The surge in illegal drug sales appears to have been driven by the displacement of crime groups from China to northern Myanmar where "massive amounts of synthetic drugs, in particular methamphetamine, have been increasingly produced and trafficked," the report said.

Seizures Rise

But with drug sales up, so are seizures. From 2014 to 2018, the number of methamphetamine seizures in Laos, Myanmar and Cambodia have increased 925%, 870% and 700% respectively. According to preliminary figures, drug seizures throughout Southeast Asia for 2017 and 2018 together topped 200 tons, an all-time high, the UN said in the report.

"Southeast Asia has an organized crime problem, and it is time to coalesce around solutions to address the conditions that have allowed illicit businesses to grow, and to secure and cooperate along borders,” the UN’s Douglas said.

Aside from drugs, crime groups are now also profiting from the sale of counterfeit goods including illicit tobacco, automobile parts, handbags and alcohol -- an industry that generates up to $35.9 billion annually, while falsified medicines are generating as much as $2.6 billion per year, the report found.

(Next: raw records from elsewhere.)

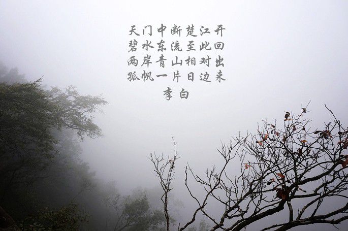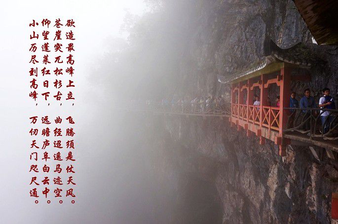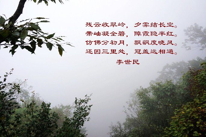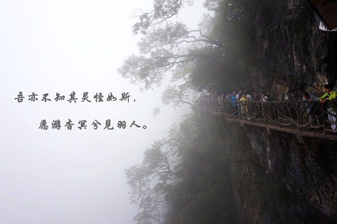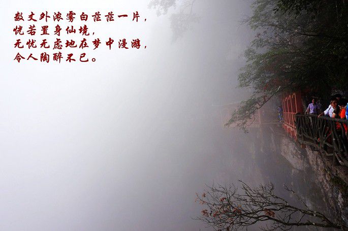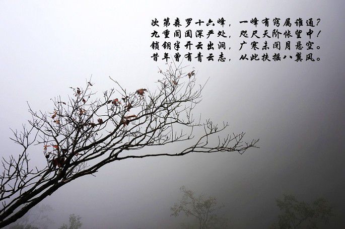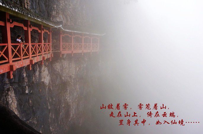 云雾缭绕~拍出来的照片有些单调~于是,加了些诗词作点缀~
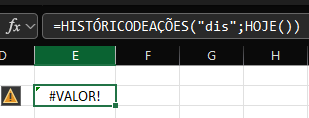 Lamentamos a situação frustrante que você está enfrentando. O HISTÓRICODEAÇÕES/STOCKHISTORY não é “tempo real”, ele depende de um feed que costuma atualizar só após o fechamento do mercado e pode ficar atrasado, então em certos horários o Excel entende o “HOJE()” como sem negociação mesmo em dia útil.
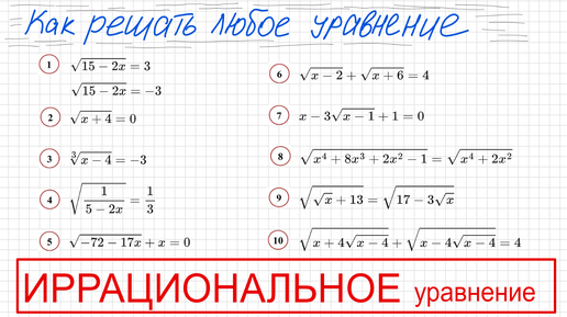 Как решать иррациональные уравнения (с корнями) 10 примеров Как решать уравнение с квадратными корнями ОДЗ иррациональное уравнение
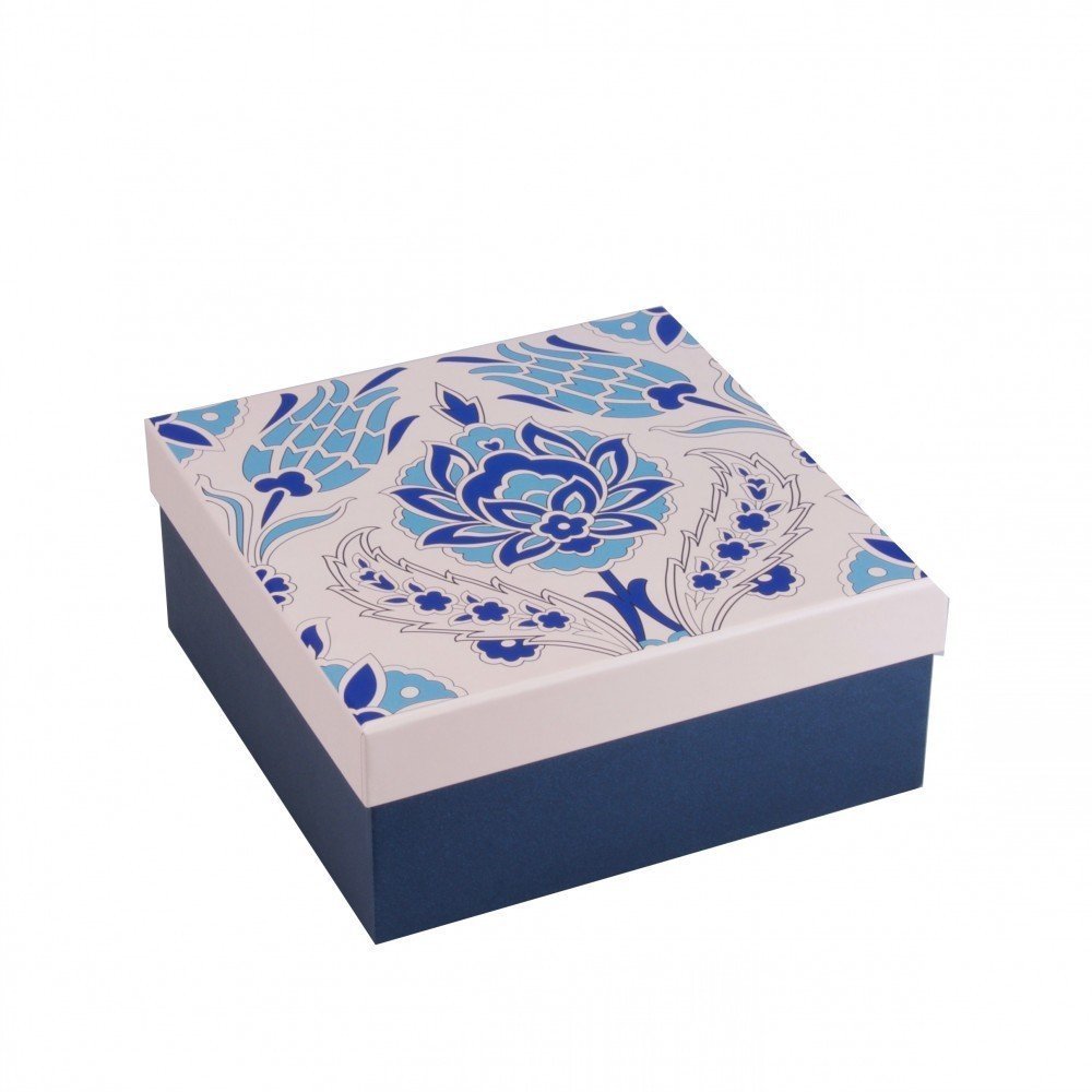 TULİP KUTU SET 3LÜ Paket İçi Miktar: 3 Adet Koli İçi Miktar: 8 Adet Renk: Mavi Lale Motifli Kapak & Lacivert Gövde 1. Boy Ölçüsü: 195 x 195 x 75 mm 2. Boy Ölçüsü: 225 x 225 x 95 mm 3. Boy Ölçüsü: 260 x 260 x 110 mm
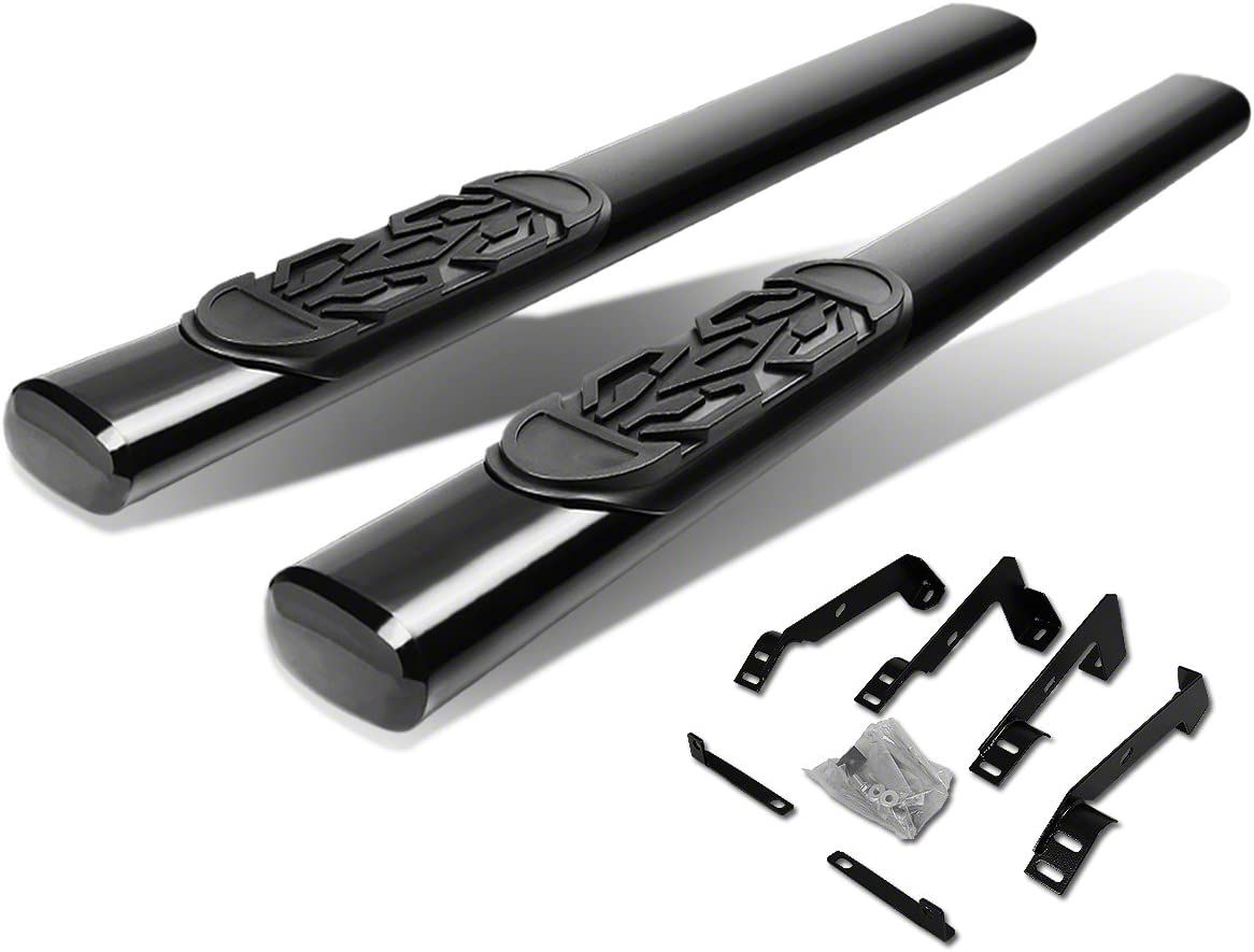 Construction and Appearance. These side step bars are made from rust-resistant mild steel and 6-inch diameter oval steel tubing. There are slip-resistant pads to improve safety. The steps feature a black, powder-coated finish that looks amazing and wards off corrosion.
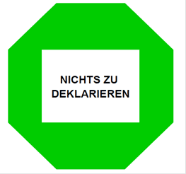 (Beschreibung: grünes Achteck mit weißem Rechteck, das den Schriftzug „NICHTS ZU DEKLARIEREN“ in schwarzer oder grüner Schrift enthält)
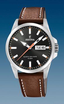 MONTRE FESTINA HOMME CLASSIQUE - 3 AIGUILLES - BOITIER 41 MM EN ACIER - CADRAN NOIR - DATEUR - BRACELET EN CUIR BRUN - ÉTANCHE 100 M - GARANTIE 2 ANS
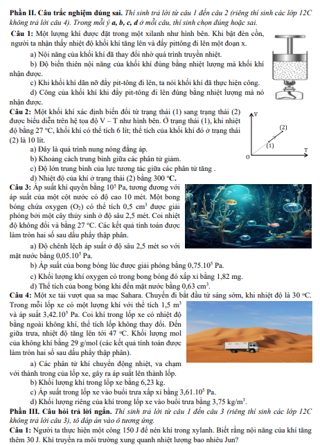 Đề Vật lí 12 cuối kì I của trường THPT Gio Linh được thiết kế chủ yếu theo hình thức trắc nghiệm (kết hợp tự luận nếu có), giúp đánh giá toàn diện các mức độ nhận biết, thông hiểu và vận dụng kiến thức. Khi luyện tập qua detracnghiem.edu.vn, học sinh được cung cấp đáp án chi tiết, lời giải từng bước, phân tích phương pháp làm bài nhanh và hệ thống câu hỏi phân theo mức độ từ cơ bản đến vận dụng cao. Đây là nguồn tài liệu hữu ích giúp học sinh lớp 12 củng cố kiến thức, rèn kỹ năng giải bài tập và tự tin chuẩn bị cho các kỳ kiểm tra học kì cũng như kỳ thi tốt nghiệp THPT Đề thi lớp 12.
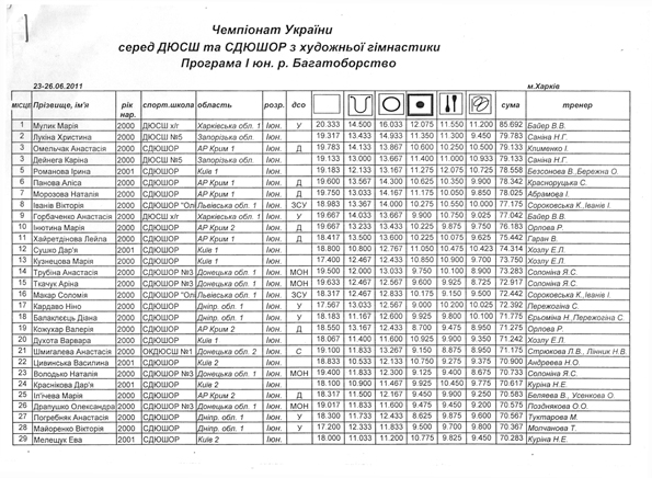 С 23 по 26 июня в Харькове прошел чемпионат Украины по художественной гимнастике среди ДЮСШ и СДЮШОР. Соревнования состоялись в спорткомплексе «Политехник», всего в них приняли участие почти 400 юных спортсменок. За ходом чемпионата внимательно наблюдала тренер сборной Украины по художественной гимнастике Альбина Дерюгина. В командном первенстве ожидаемо лидировали киевляне, занявшие первое и третье места, на второй строчке расположилась первая команда Крыма.

The trafficking of women and girls for sexual exploitation also "remains a serious problem in most countries in the region," said the report. With around half a million migrants estimated to be smuggled to Thailand each year, annual revenues are believed to be as much as $196 million.

"A lot of Asean is made up of weak states that really can’t govern," said Carl Thayer, emeritus professor at the University of New South Wales and an expert in Southeast Asia security. "You have got to have officials that are absolutely not corrupt, and that’s just on the front line."